— Task brief —
A precise copy of the data is required, with every picture left out.

— Supplied data —
:::::

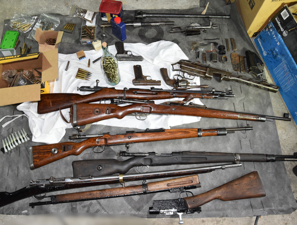 W trakcie intensywnych czynności operacyjnych kryminalni Komendy w Grozisku Mazowieckim uzyskali informację o mieszkańcu powiatu, który w domu mógł mieć broń bez zezwolenia. W mieszkaniu i piwnicy 59-latka policjanci znaleźli 2 pistolety, rewolwer, pistolet maszynowy, 4 zamki karabinowe, lufy i kilka magazynków do pistoletów maszynowych. Mężczyzna nie posiadał na nie żadnego zezwolenia i nie potrafił podać ich pochodzenia. Trafił do celi grodziskiej komendy.
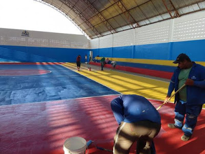 Prefeitura de Imaculada reforma quadra de esportes da cidade. Veja!
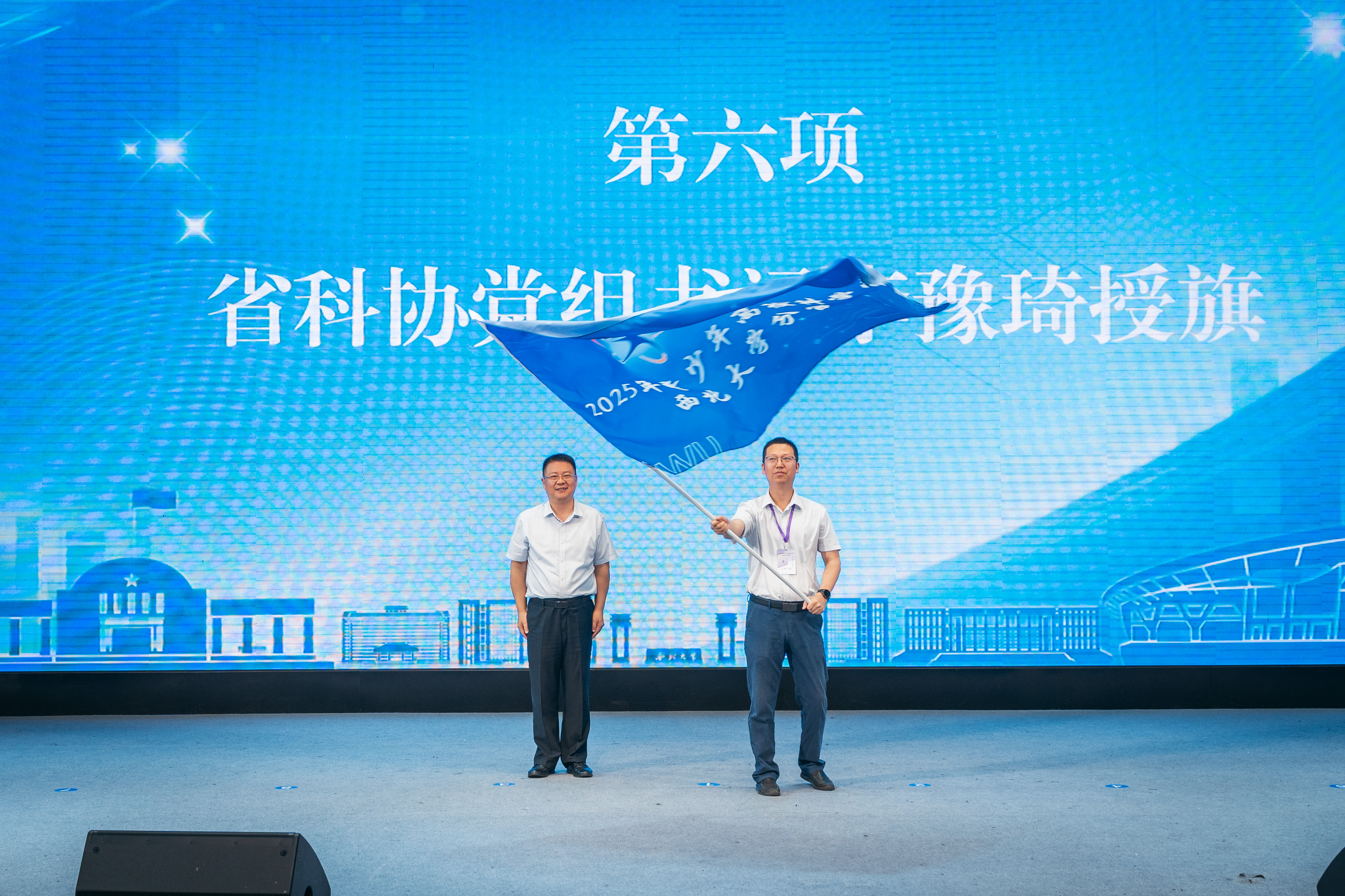李豫琦为陕西省青少年高校科学营开云手机网页版登录入口分营授旗,校团委负责人接旗。

:::::

— Exercise output —
 W trakcie intensywnych czynności operacyjnych kryminalni Komendy w Grozisku Mazowieckim uzyskali informację o mieszkańcu powiatu, który w domu mógł mieć broń bez zezwolenia. W mieszkaniu i piwnicy 59-latka policjanci znaleźli 2 pistolety, rewolwer, pistolet maszynowy, 4 zamki karabinowe, lufy i kilka magazynków do pistoletów maszynowych. Mężczyzna nie posiadał na nie żadnego zezwolenia i nie potrafił podać ich pochodzenia. Trafił do celi grodziskiej komendy.
 Prefeitura de Imaculada reforma quadra de esportes da cidade. Veja!
李豫琦为陕西省青少年高校科学营开云手机网页版登录入口分营授旗,校团委负责人接旗。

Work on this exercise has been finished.